Recent years have also displayed the limitations of the secularization thesis, the claim that religions will wither away in the modern world.⁹ The contemporary religious landscape is, as all can see, robust and dynamic. One might hypothesize that the forms of religiosity in decline are those that ostensibly reject political theology, seeing religious commitment as a personal matter distinct from political ideas and beliefs; those that are on the rise, and increasingly visible, embrace a deep connection between religious and political ideas. Charles Taylor’s recent revision of the secularization thesis could be read as an attempt to push those religious communities traditionally allergic to political theology to accept that secularization itself should be understood as a theological transformation, necessitating a theological response.¹⁰
The phrase political theology
is sometimes used in a very narrow sense, sometimes in a very broad sense, and sometimes in a sectarian sense. Most narrowly, political theology refers to claims by the German jurist Carl Schmitt concerning the role of religious concepts in political theory. According to Schmitt, in a given place and time in European history there is a homology between particularly significant Christian concepts and particularly significant political concepts.¹¹ Crudely put, the king is like God; theorizing the powers of the king, or the state, parallels the work of theology. Intellectual historians have investigated the context in which Schmitt’s ideas arose, political theorists have investigated the relevance of Schmitt’s claims for understanding contemporary democracies, and philosophers have parsed the political theological concepts Schmitt identified.

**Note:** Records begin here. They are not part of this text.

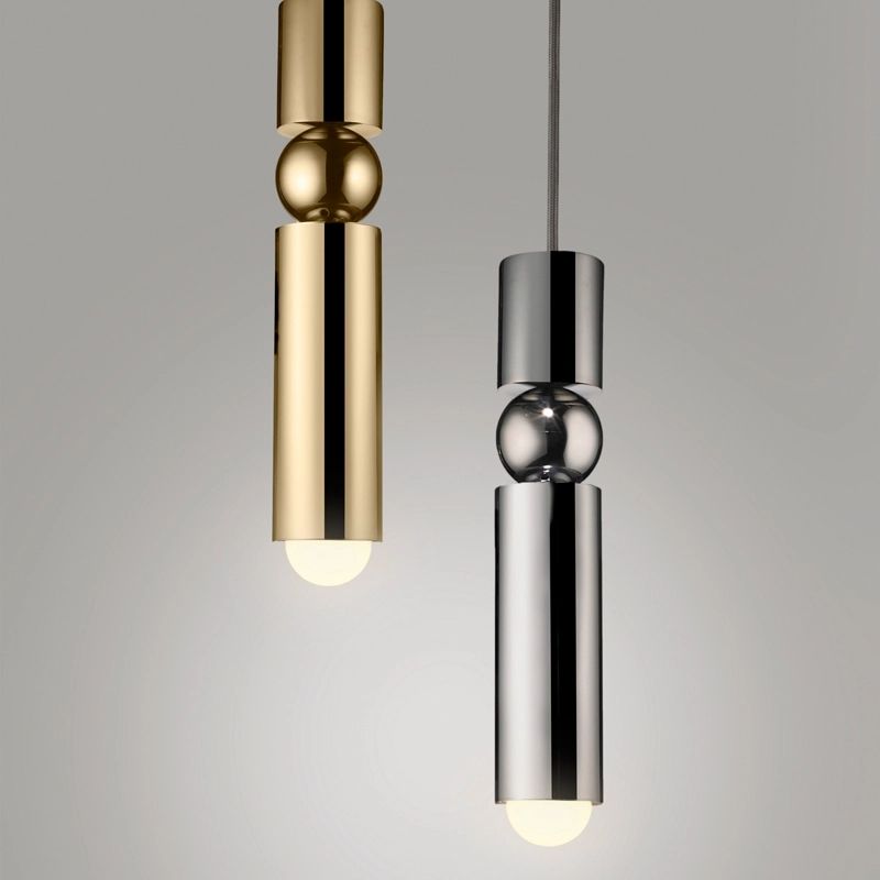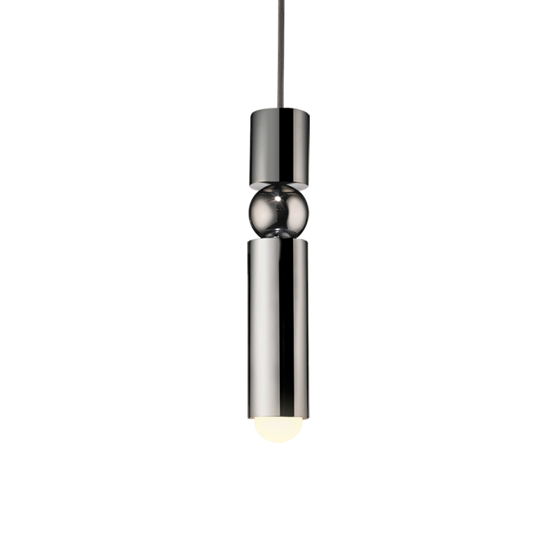 Imaginée et éditée par le talentueux Lee Broom, Fulcrum est une suspension fine et élégante. Telle une sculpture minimaliste, elle composée de deux cylindres réunis par une sphère centrale. L'ampoule visible imite symétriquement la silhouette de la sphère. Déclinée en version chrome, laiton et noir mat, Fulcrum est également disponible en lustre composé de 5 pièces.
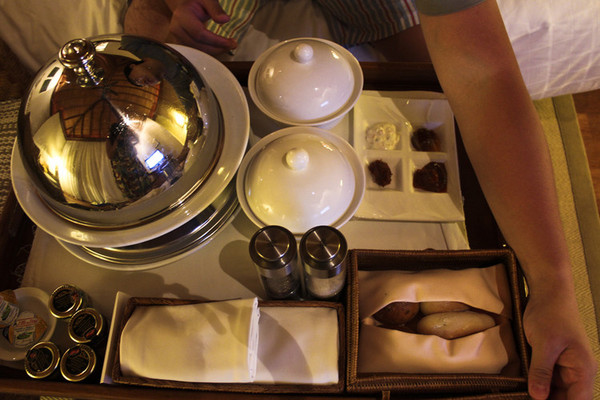 这天晚上是最后一晚的住宿了,我们决定点只龙虾送到屋里。我吃的津津有味,但猪鼠说这龙虾没有须子,而且壳儿有些发灰,不像是新鲜的,于是跟酒店打电话理论,最后居然把龙虾给免单了!哈哈!这次真是赚了!
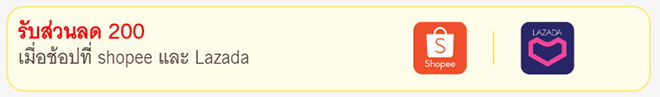 - เงื่อนไขการใช้โค้ดส่วนลดเป็นไปตามที่ Shopee และ Lazada กำหนด จำกัด 1 สิทธิ์/บัตร/เดือน และสามารถใช้โค้ดส่วนลดได้ที่ website และ Application ของ Shopee และ Lazada
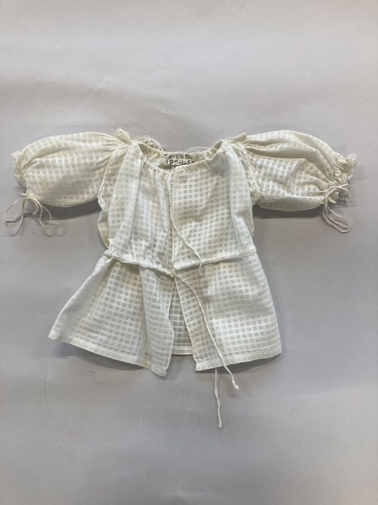 Japonnetje voor baby van witte transparant katoen met ingeweven ruit, afgezet met machinaal kloskant
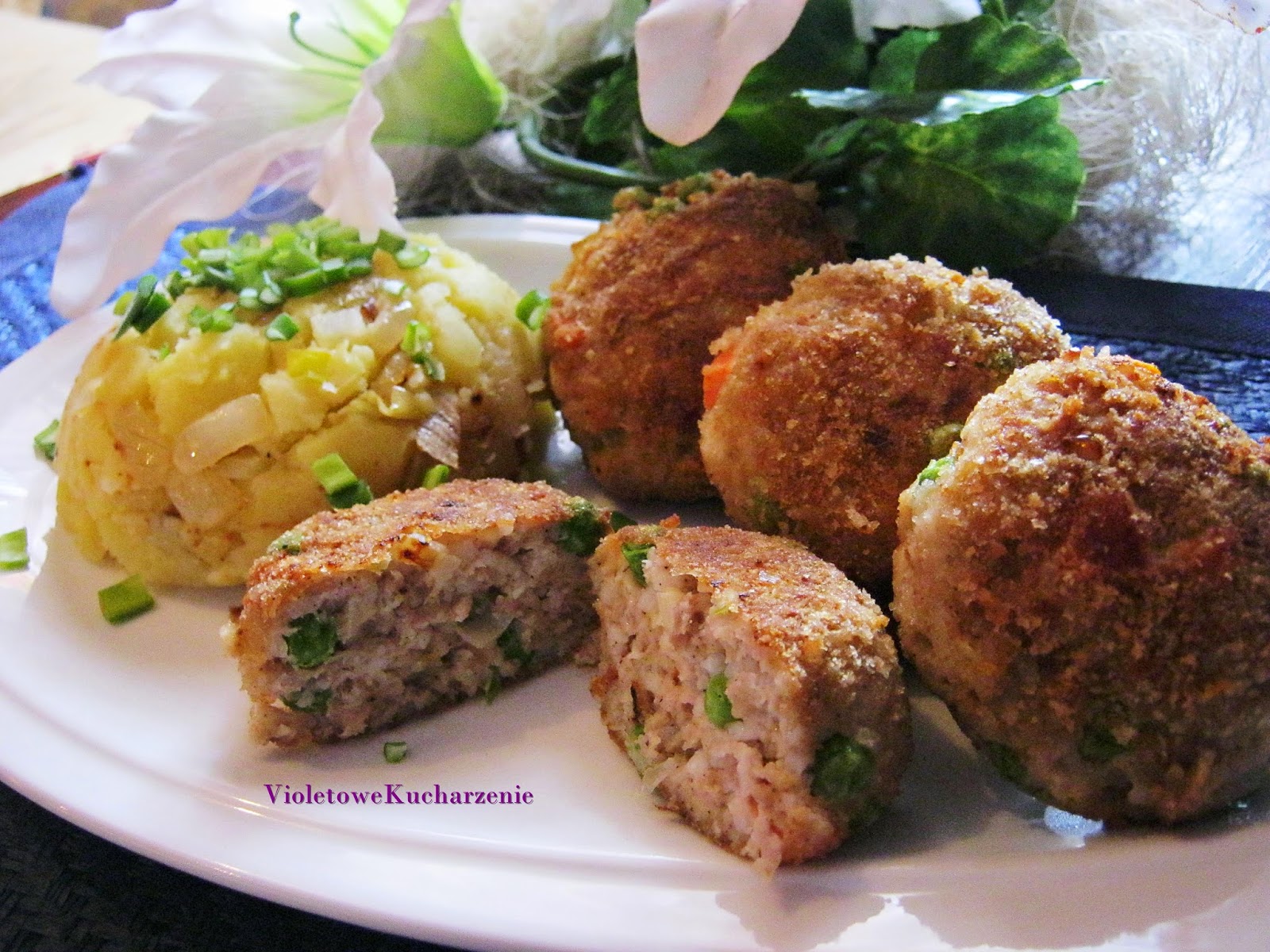Tradycyjne kotlety mielone w troszkę bogatszej wersji – z ryżem, marchewką i groszkiem. Dodatkowo daniu smaku nadają ziemniaczki z cebulką.
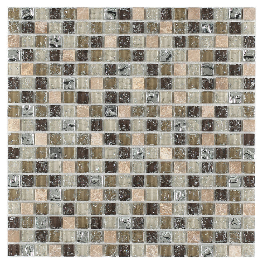 Product Sold By The SheetIcy Series: Icy Grey Mini 9/16″ Crackled Grey Glass Mixed with Light Emperador Stone.Suggested Grout Color: Bostik Dimension Opal H610WARNING: This product can expose you to chemicals including crystalline silica (airborne particles of respirable size) in dust created during fabrication/installation if the product is dry cut/ground or pulverized, which are known to the State of California to cause cancer. For more information, go to https://www.p65warnings.ca.gov/.
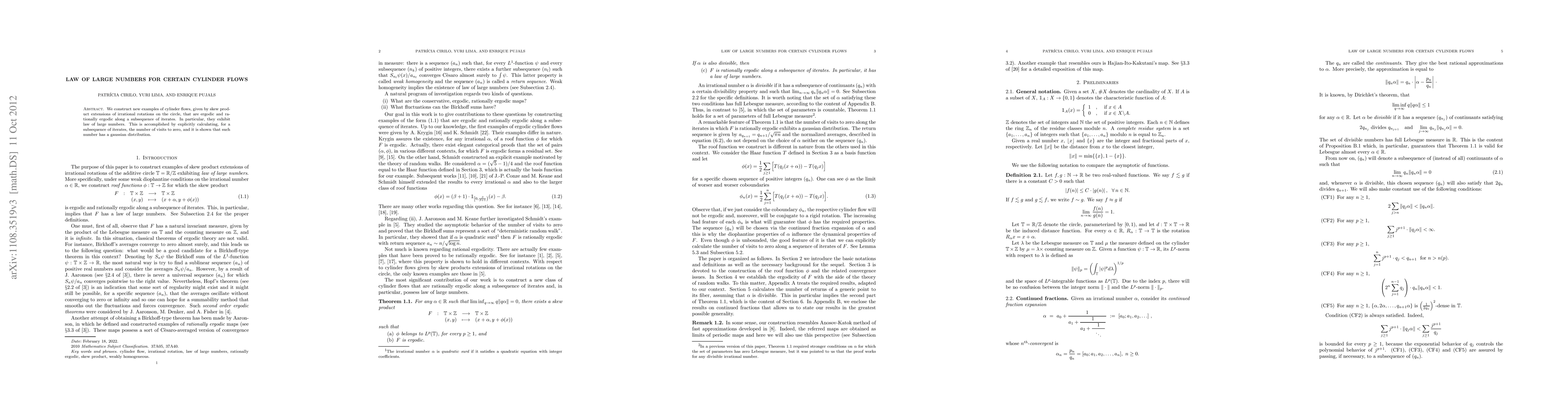 Researchers found a new class of cylinder flows that exhibit law of large numbers, where the number of visits to zero follows a Gaussian distribution.
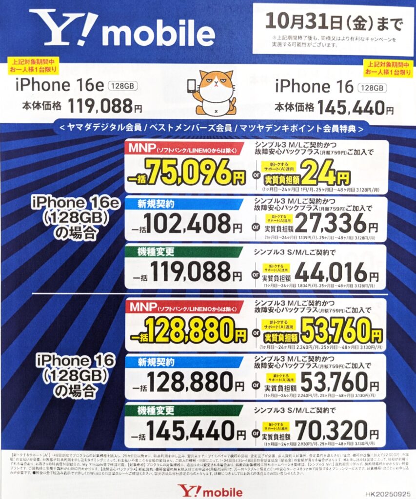 ヤマダデンキでは、引き続き2025年2月発売のワイモバイル「iPhone 16e(税込119,088円)」がMNPで▲43,992円割引の、一括75,096円(税込)となっています。
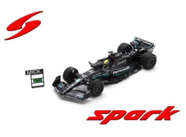 1/18 2023 Mercedes-AMG Petronas F1 W14 E Performance #47 Mick Schumarcher Spanish GP Tyre test 2023, Mercedes-AMG Petronas F1 Team with pit board, black/turquoise
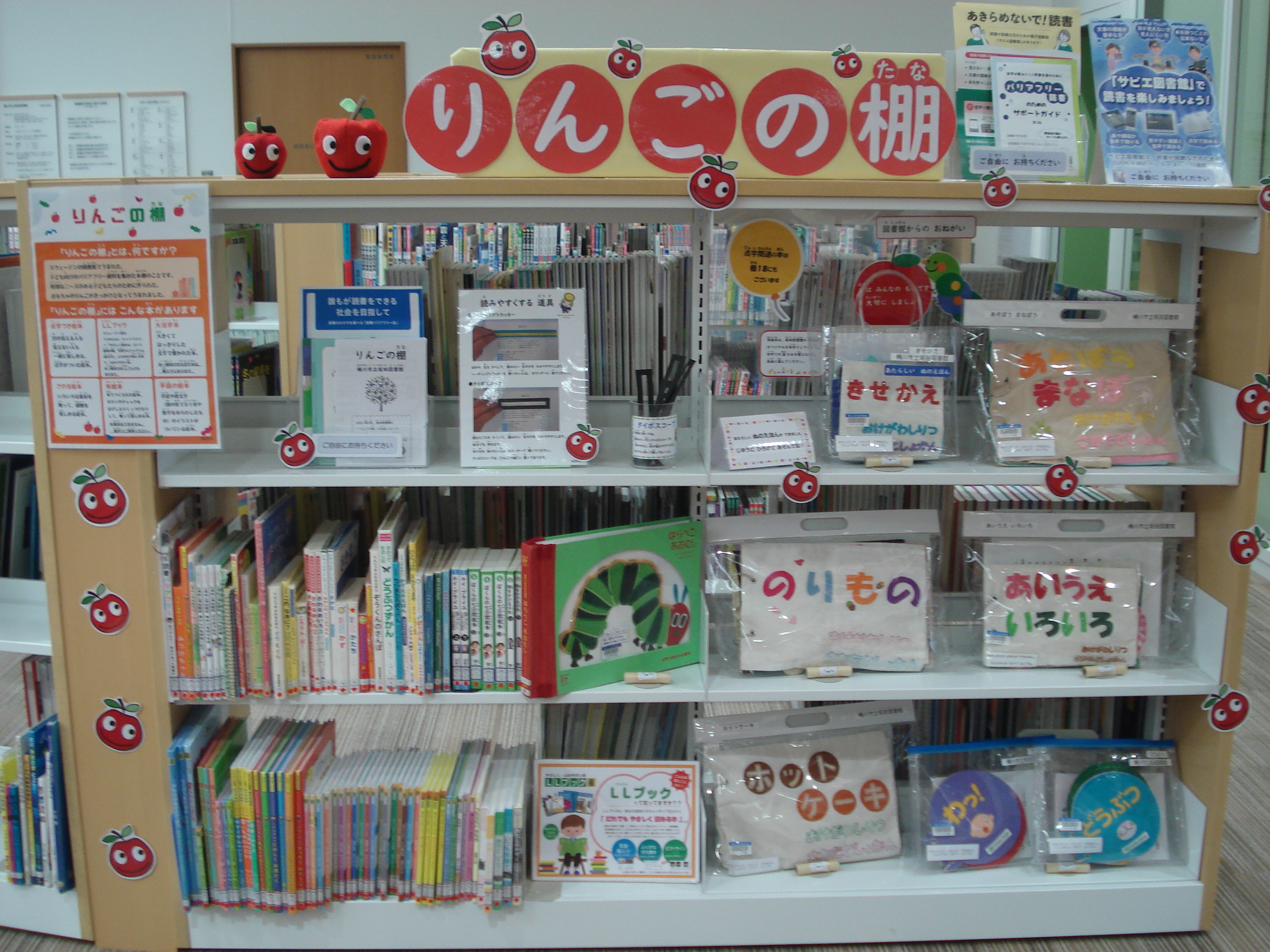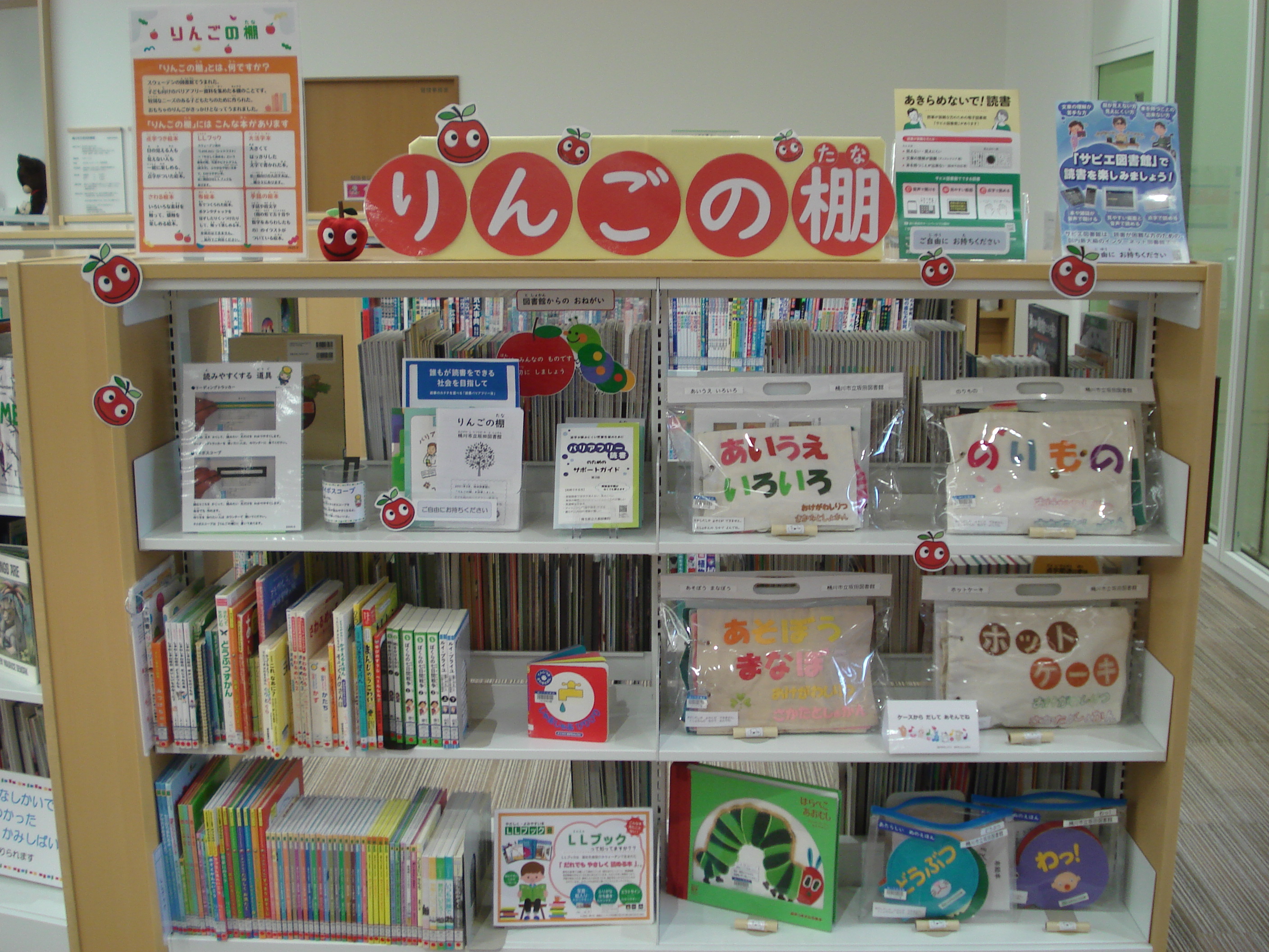 | 詳細内容 | 2021年3月、坂田図書館に「りんごの棚」を設置しました。 子ども向けのバリアフリー資料を集めています。 どうぞご利用ください。 「りんごの棚」とは、何ですか? スウェーデンの図書館でうまれた、子ども向けのバリアフリー資料を集めた本棚のことです。 特別なニーズのある子どもたちのために作られた、おもちゃのりんごがきっかけとなってうまれました。 「りんごの棚」には、どんな本がありますか? 主に、以下の6種類の資料があります。
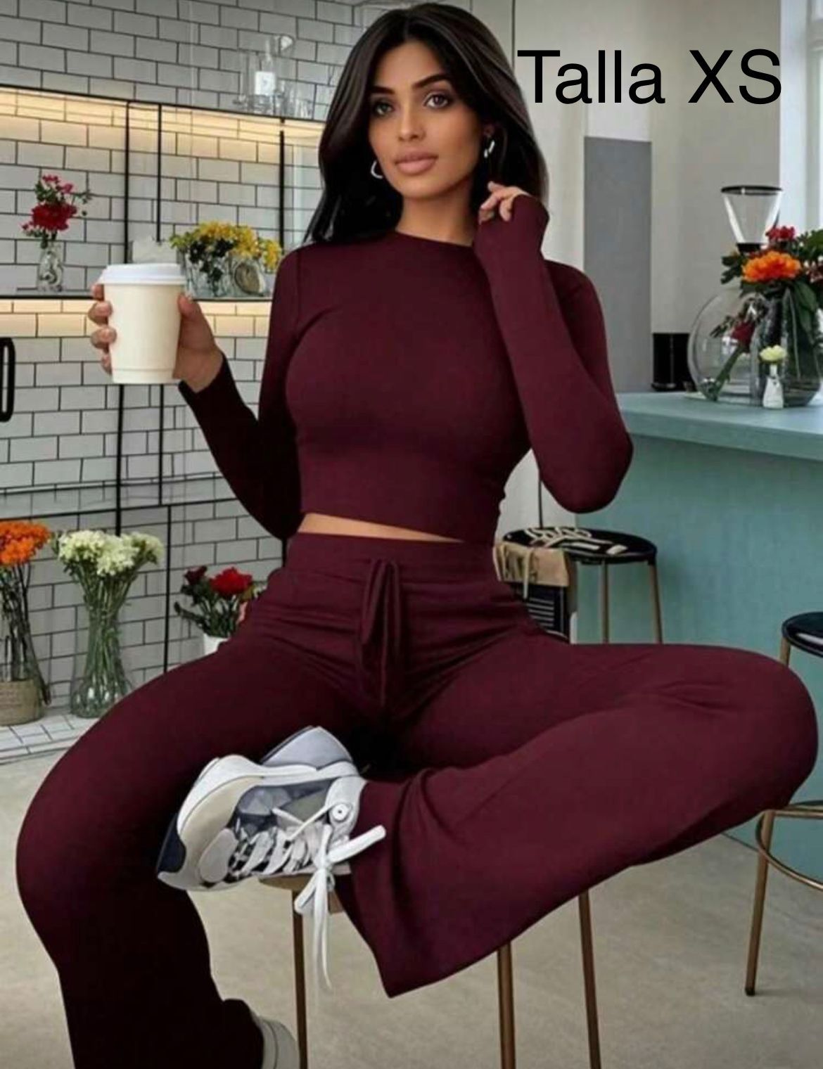 CONJUNTO DEPORTIVO DE MUJER DE TEMPORADA OTOÑAL CON TOP DE MANGA LARGA Y PANTALONES ACAMPANADOS DE AJUSTE CEÑIDO CON CORDONES, COLOR BURDEOS
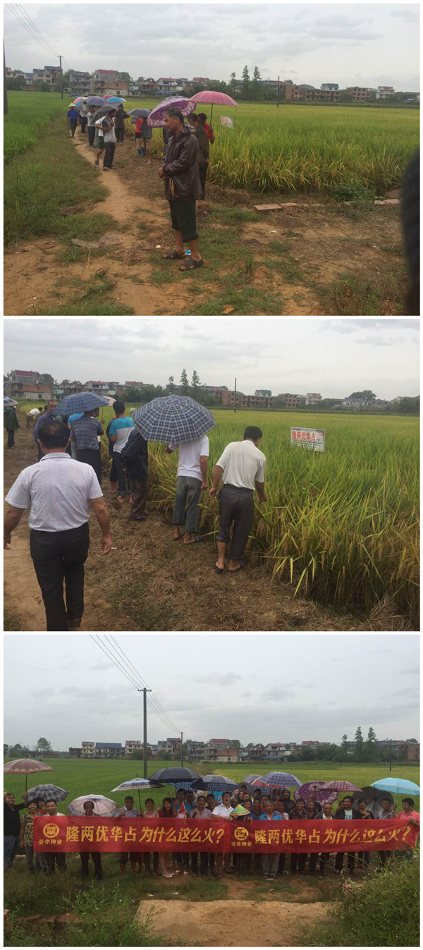 2015年9月28號,受臺風(fēng)“鲇魚”的影響,江西省各管轄市基本都淪陷于狂風(fēng)暴雨中。盡管風(fēng)雨再大,也阻擋不了種植戶對豐收的渴望。上午十點左右,貴溪市泗瀝鎮(zhèn)迎來了各個鄉(xiāng)鎮(zhèn)的40多位零售商和種植大戶,來參加由湖南亞華種業(yè)組織的中國種業(yè)超強音——隆兩優(yōu)華占觀摩會。

In the broadest sense, political theology is used almost interchangeably with the phrase religion and politics.
Political theology in this sense refers to the many ways that religion (religious ideas, but religious ideas are hardly separable from religious practices and institutions) shapes politics (political ideas, but, again, political ideas are hardly separable from political practices and institutions). If Catholics and Evangelicals support different political parties, the explanation may have to do with political theology. Or it may not; the explanation may be reductionist, turning to nontheological factors such as demographic or cultural differences to explain the difference in political affiliation. The investigation of political and religious concepts that arise, and conjoin, takes place throughout the humanities, from literary studies to anthropology to political theory and religious studies. If social scientists approach religion and politics by reducing religion away, political theology just names the approach that scholars of the humanities take to these same questions, allowing religion a robust, multifaceted meaning.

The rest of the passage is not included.